Start of COLLECTED DATA
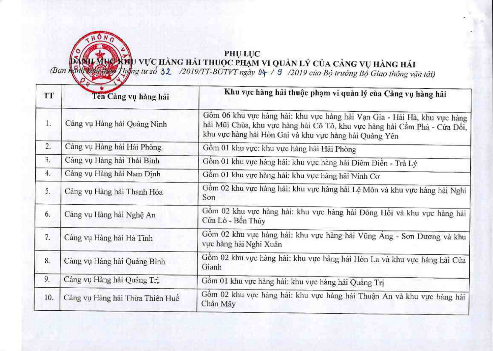 Ngày 04/9/2019, Bộ Giao thông Vận tải ban hành Thông tư 32/2019/TT-BGTVT về việc công bố Danh mục khu vực hàng hải thuộc phạm vi quản lý của Cảng vụ hàng hải.
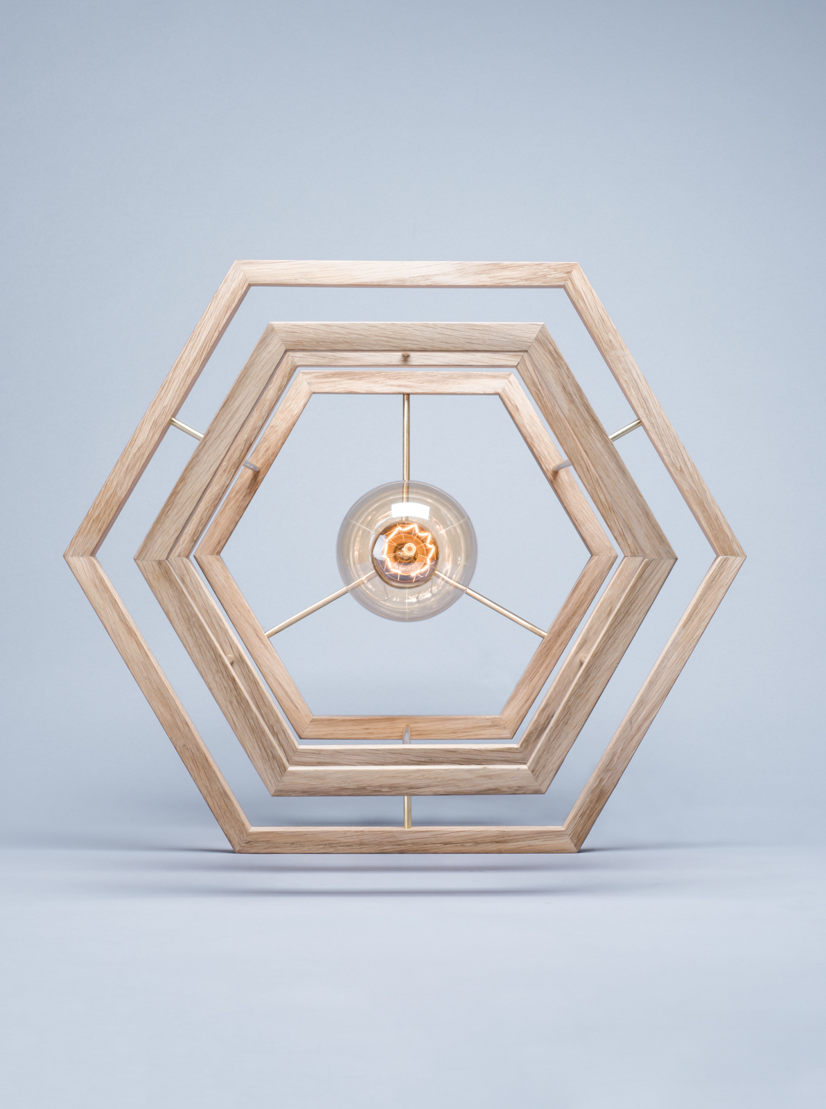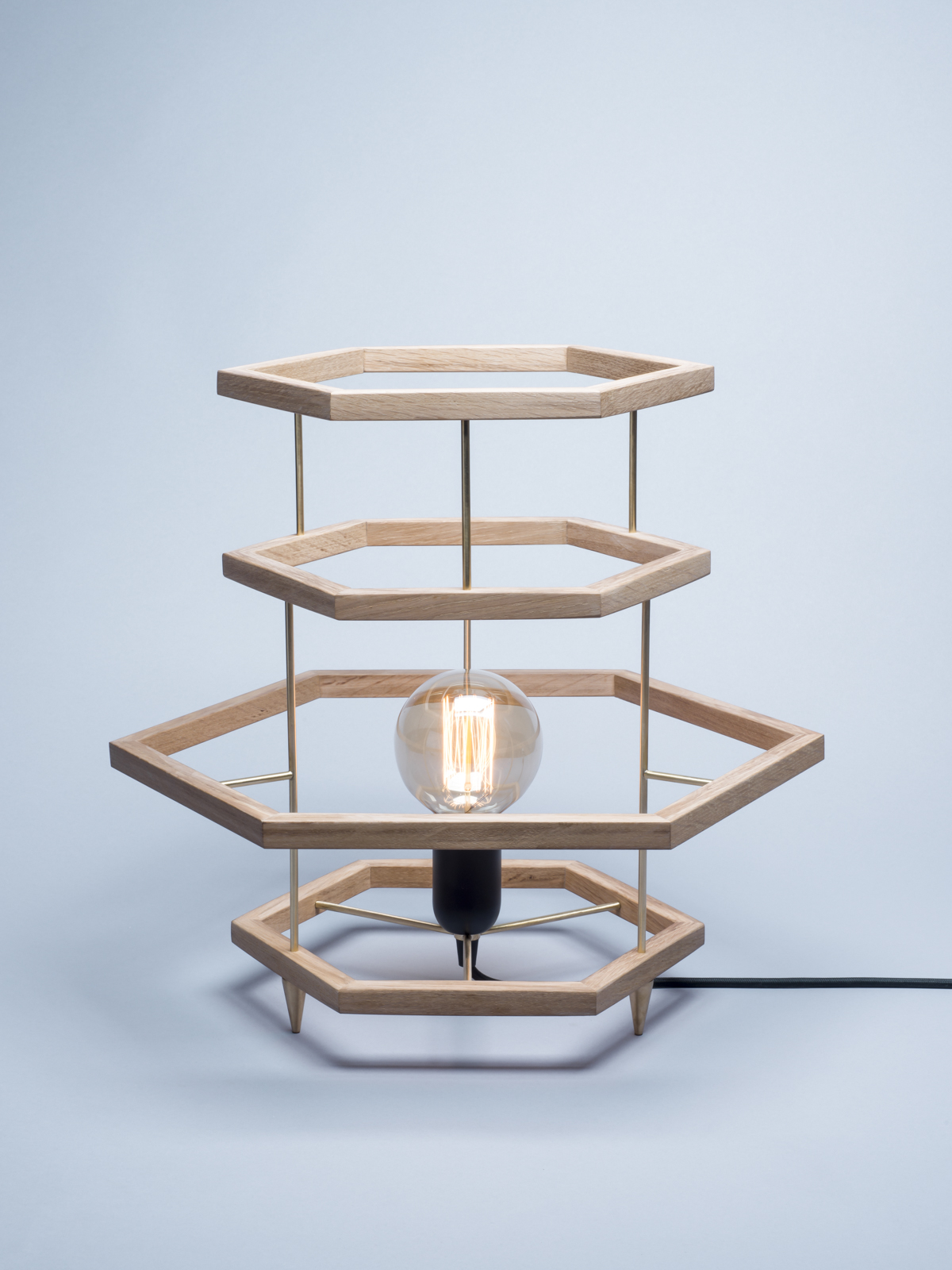 Des formes géométriques en chênes soutenues par de fins montants en laiton laissent apparaître une ampoule à filament vintage.
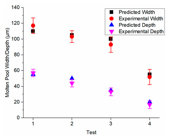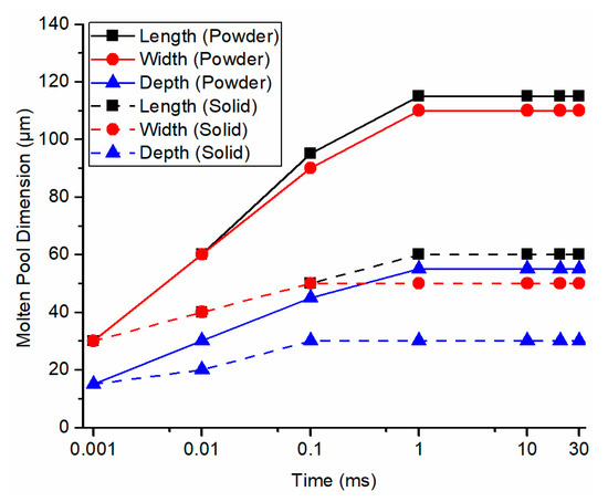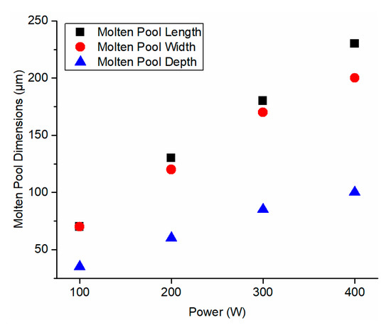 For comparison, the molten pool evolution was also predicted by the developed model in the authors’ previous work [27], which used the solid bulk materials properties without considering the heat loss at the part boundary. As shown in Figure 8, the time for molten pool stabilization using the developed model in the previous work and the presented model has no pronounced difference. However, the stabilized molten pool dimensions using the presented model were significantly larger than those using the previous model because the solid thermal conductivity is significantly higher than powder thermal conductivity without introducing the voids with high thermal resistance. High thermal conductivity materials require larger laser power for the SLM process because the energy can be more easily dissipated into the surrounding area, which prevents the material melting and the formation of the molten pool. To investigate the prediction accuracy, the stabilized molten pool dimensions from the prediction using the presented model were validated to the documented experimental values in the literature [43]. Close agreements were observed between predictions and experimental values as shown in Figure 9. Other associated data including molten pool length and computational time is given in Table 4. The calculation was carried out by MATLAB program on a personal computer running at 2.8 GHz. The calculated region has dimensions of 0.4 mm in length, 0.2 mm in width, and 0.1 mm in depth with the increment of 5 μm in each direction in the absolute coordinate. The average computational time was 217.93 s. In addition, the higher the laser scanning speed, the smaller the molten pool dimensions, and vice versa. This observed trend was confirmed with the experimental measurements. Moreover, the molten pool dimensions were also predicted using the presented model with various laser power setting as illustrated in Figure 10. The higher the laser power, the larger the molten pool size, and vice versa. This observation was confirmed by instinctive trend and further prove the predictive capability of the presented model.
End of COLLECTED DATA
# REQUIRED ACTION
Take the data above and repeat it exactly, leaving each picture out.

# YOUR SOLUTION
 Ngày 04/9/2019, Bộ Giao thông Vận tải ban hành Thông tư 32/2019/TT-BGTVT về việc công bố Danh mục khu vực hàng hải thuộc phạm vi quản lý của Cảng vụ hàng hải.
 Des formes géométriques en chênes soutenues par de fins montants en laiton laissent apparaître une ampoule à filament vintage.
 For comparison, the molten pool evolution was also predicted by the developed model in the authors’ previous work [27], which used the solid bulk materials properties without considering the heat loss at the part boundary. As shown in Figure 8, the time for molten pool stabilization using the developed model in the previous work and the presented model has no pronounced difference. However, the stabilized molten pool dimensions using the presented model were significantly larger than those using the previous model because the solid thermal conductivity is significantly higher than powder thermal conductivity without introducing the voids with high thermal resistance. High thermal conductivity materials require larger laser power for the SLM process because the energy can be more easily dissipated into the surrounding area, which prevents the material melting and the formation of the molten pool. To investigate the prediction accuracy, the stabilized molten pool dimensions from the prediction using the presented model were validated to the documented experimental values in the literature [43]. Close agreements were observed between predictions and experimental values as shown in Figure 9. Other associated data including molten pool length and computational time is given in Table 4. The calculation was carried out by MATLAB program on a personal computer running at 2.8 GHz. The calculated region has dimensions of 0.4 mm in length, 0.2 mm in width, and 0.1 mm in depth with the increment of 5 μm in each direction in the absolute coordinate. The average computational time was 217.93 s. In addition, the higher the laser scanning speed, the smaller the molten pool dimensions, and vice versa. This observed trend was confirmed with the experimental measurements. Moreover, the molten pool dimensions were also predicted using the presented model with various laser power setting as illustrated in Figure 10. The higher the laser power, the larger the molten pool size, and vice versa. This observation was confirmed by instinctive trend and further prove the predictive capability of the presented model.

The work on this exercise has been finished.